TASK OBJECTIVE: Omit the pictures, then reproduce exactly the line bearing "во время заседания." and every line after it up to and including the last line of the entries below.

LISTED ENTRIES:
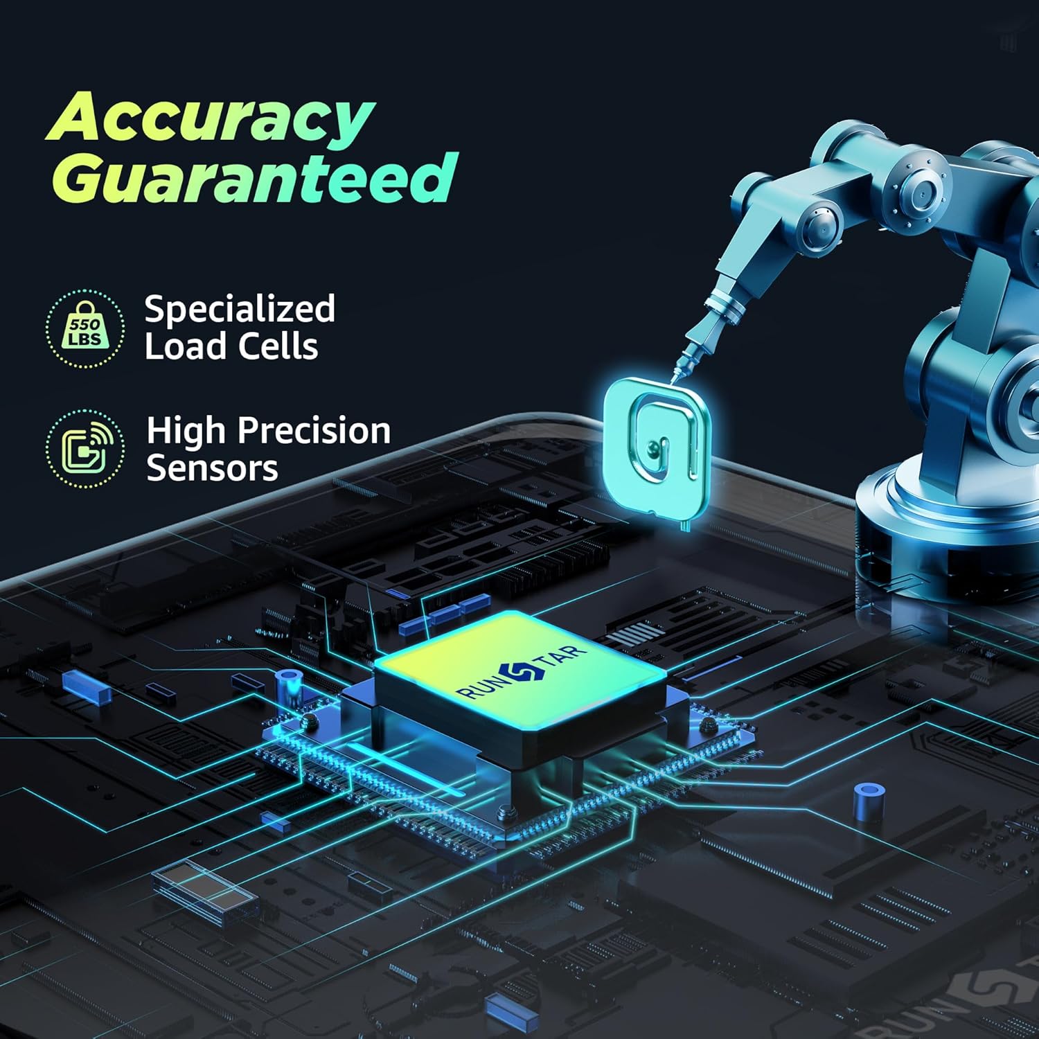- Where Capacity Meets Precision Equipped with specialized load cells, this RunStar digital scale up to an extra high capacity (550lb /250kg). Which have passed 100,000 times sensor performance tests, delivering accurate readings in 1lb /0.5kg increments
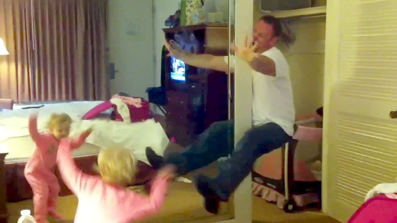 A man uses a mirror to make it look like he's climbing a wall only using his teeth, to entertain a girl tot indoors.
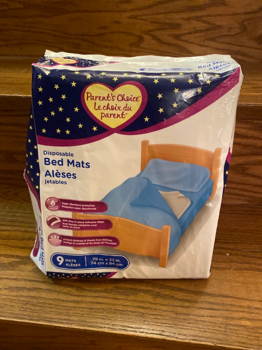 Package of 7 bed mats. Super absorbent protection. With stay-in-place adhesive strips. Protects mattresses and sheets from wetness. The pack had 9, but has been opened and there are 7 remaining.
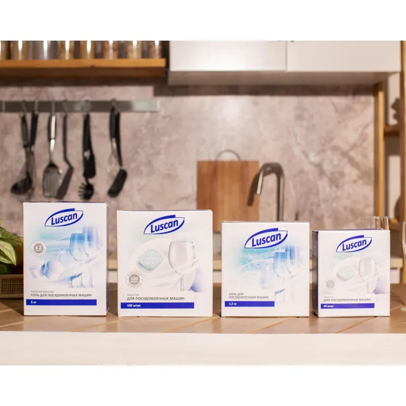 Гранулированная соль для посудомоечной машины Luscan способствует смягчению воды, защищая машину от образования известкового налета и накипи.
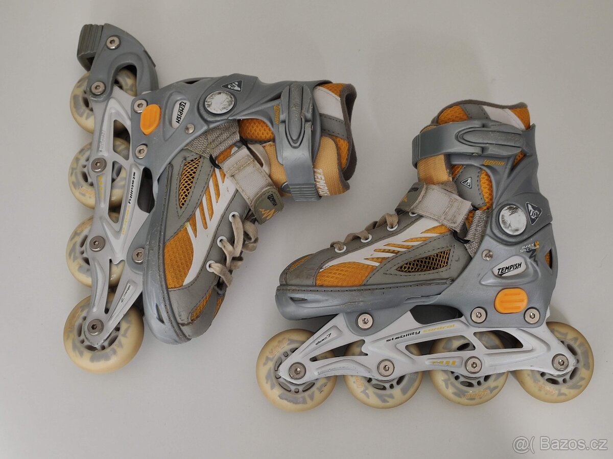 Univerzální stříbro-šedá barevnost se žlutými detaily. Česká značka Tempish. Kolečka s kvalitními ložisky ABEC7 - minimální opotřebení. Hladký, tichý chod. Změna velikosti tlačítkem v patní části. Všechny části funkční.
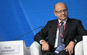Форум "Российская энергетическая неделя" в Центральном выставочном зале "Манеж". Пленарное заседания "Будущее традиционной энергетики: готов ли мир отказаться от углеводородов? ". Министр энергетики Республики Азербайджан Парвис Шахбазов во время заседания.
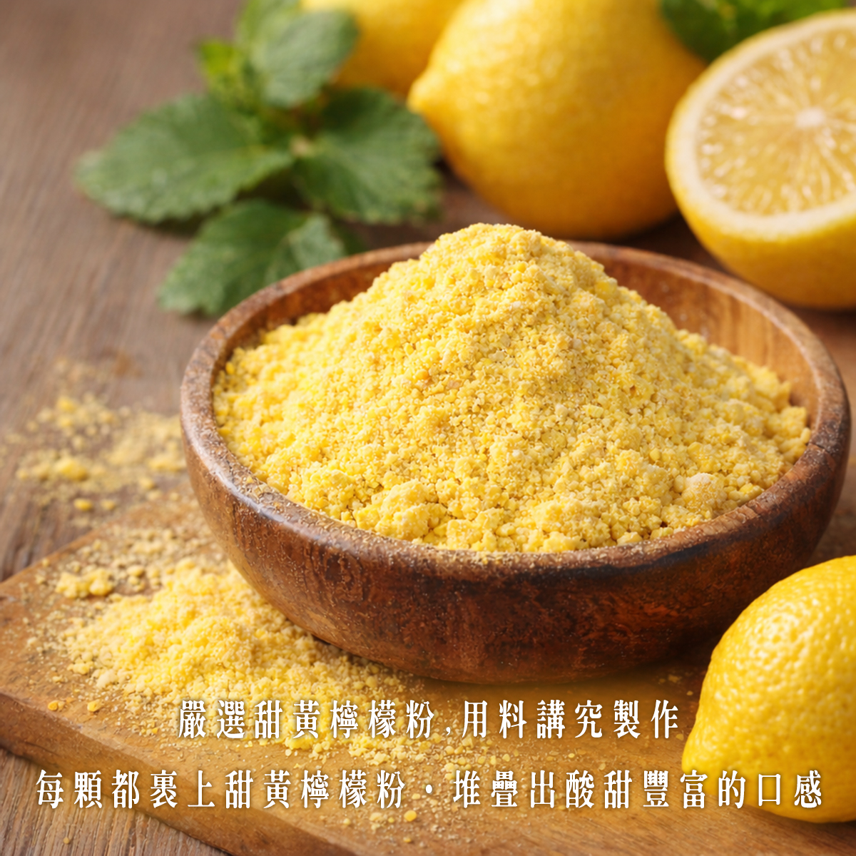 用獨家裹糖技術包裹黃檸檬粉達到口感豐富 酸中帶甜 檸檬香氣逼人
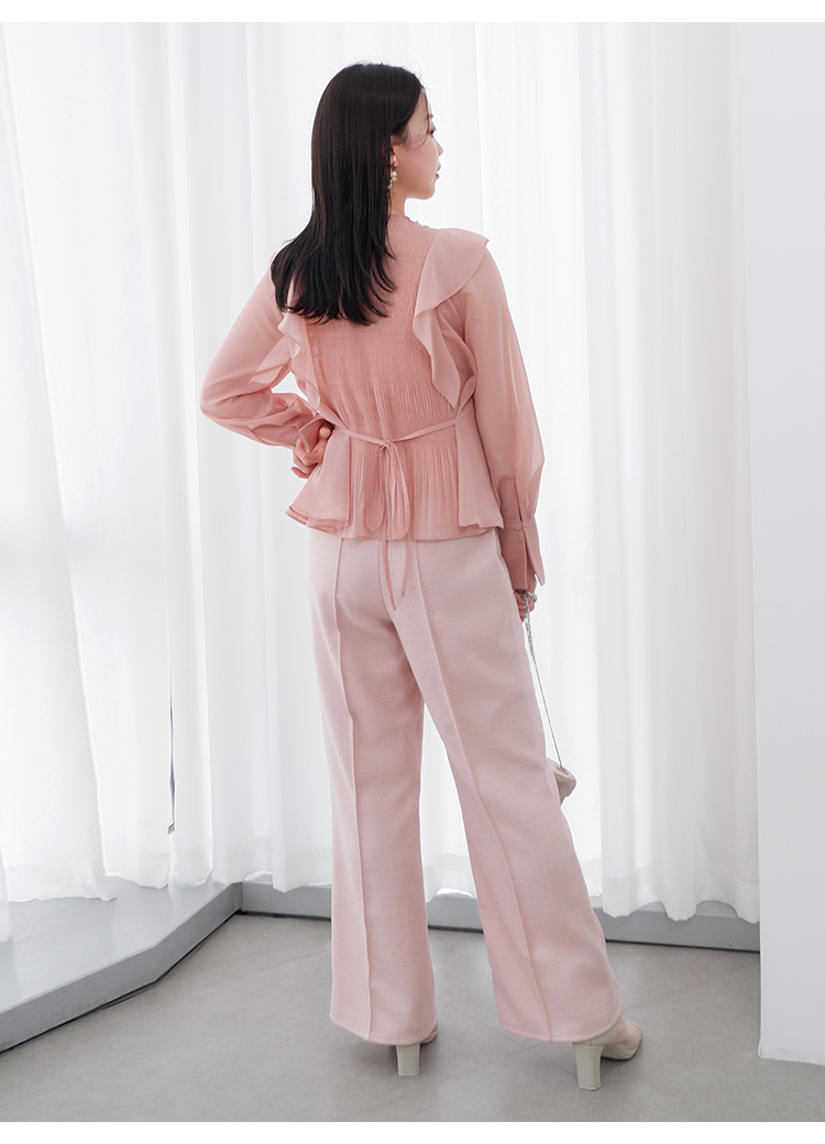 フリルシャーリングブラウス

SOLUTION TO THIS EXERCISE:
Форум "Российская энергетическая неделя" в Центральном выставочном зале "Манеж". Пленарное заседания "Будущее традиционной энергетики: готов ли мир отказаться от углеводородов? ". Министр энергетики Республики Азербайджан Парвис Шахбазов во время заседания.
 用獨家裹糖技術包裹黃檸檬粉達到口感豐富 酸中帶甜 檸檬香氣逼人
 フリルシャーリングブラウス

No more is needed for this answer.